Phrases such as school ethos, school culture, school vision and school mission are now being used; there is a recognition that the school is much more than a set of rules and regulations and that the overall environment of the school has a major impact on teachers and pupils alike.

Pupil Misbehaviour
In the previous topic you considered the influence of school rules, both unwritten and unwritten.   This topic looks at the broader issue of school culture

You'll be looking at two  main areas:

  • rules and ethos
  • positive school ethos

Rules and ethos
One of the issues raised in debates on education in Ireland is that of school ethos - particularly in relation to control of schools by church bodies.  We're not going to enter in that debate here, but you are going to look at what ethos means in a school.

What is the difference between school rules and school ethos?

Ethos may sound rather vague - you can’t measure it statistically or pour it into a beaker - but it certainly exists in every school, whether positive or negative.
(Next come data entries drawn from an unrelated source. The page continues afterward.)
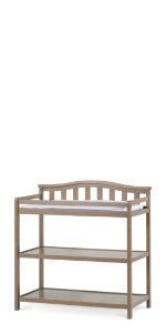 Designed with practicality in mind, the changing table boasts two spacious open shelves, ideal for storing books, toys, and essential items as your child grows. Enhanced safety is a hallmark of this design, featuring built-in safety rails and straps that provide additional security during use. The water-resistant changing pad ensures easy cleanup, allowing parents to maintain a tidy environment in a bustling nursery.
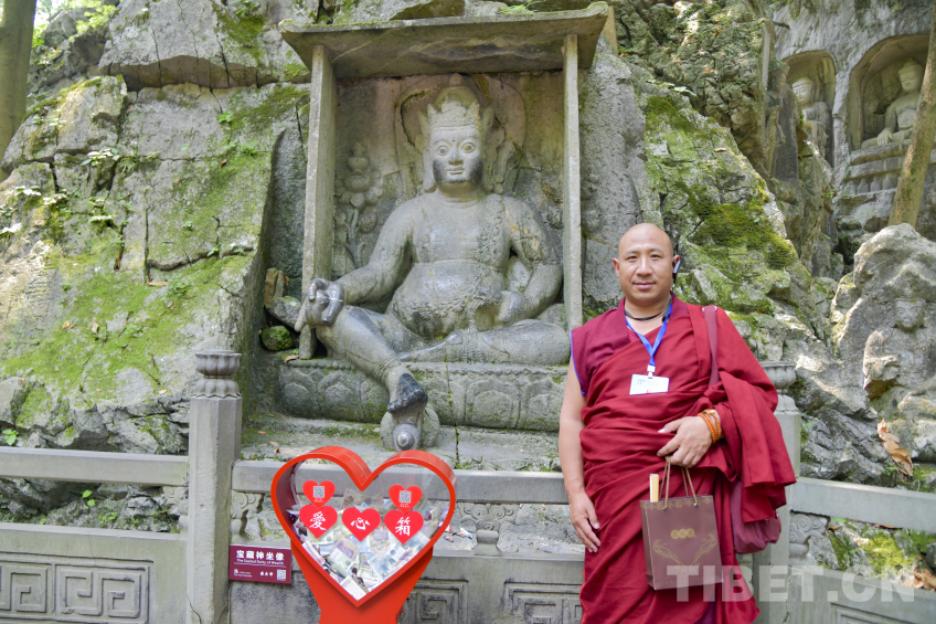 “雖然我已經(jīng)在飛來峰講解了許多年,但始終不知道這尊藏傳佛教財神爺在藏語中的發(fā)音怎么讀,今天有幸向各位請教。”在靈隱寺飛來峰的理公塔旁,一處坐南朝北、呈縱長形的佛龕內(nèi)供奉著一尊菩薩坐像,這是元代所雕刻出的藏傳佛教黃財神造像。隨團導(dǎo)游小李正趁此機會向來自西藏的師生們請教,來自西藏的他們亦同樣為在杭州能看到如此大規(guī)模的藏傳佛教造像感到驚訝。
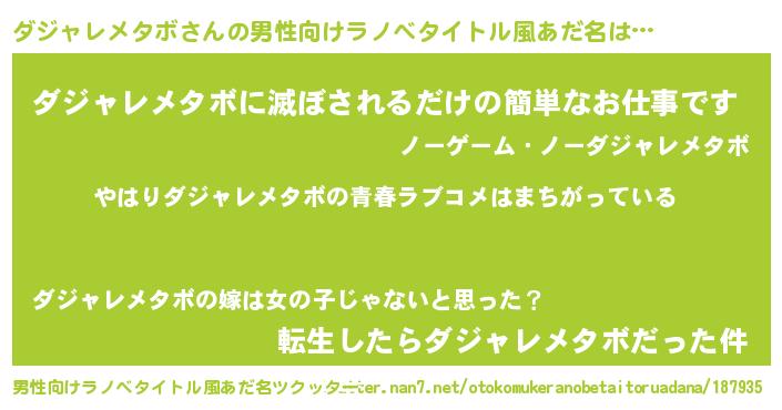 | 女子向けラノベタイトル風あだ名 | 『ダジャレメタボの雑貨屋さん』 |

Typically visitors to schools even on a short visit can often detect a distinctive school ethos - for example in relation to appearance of the school, pupils’ relations with staff, school attitudes to visitor, the school as a community etc.

How would you find out about the ethos of your Teaching Practice school?

A positive school ethos
A Department of Education circular (M33/91, 1) describes what is meant by a positive school ethos: "based on the quality of relationships, both the professional relationships between teachers and the ways in which pupils and teachers treat each other. This positive ethos permeates the school and helps in forming a strong sense of social cohesion within the school".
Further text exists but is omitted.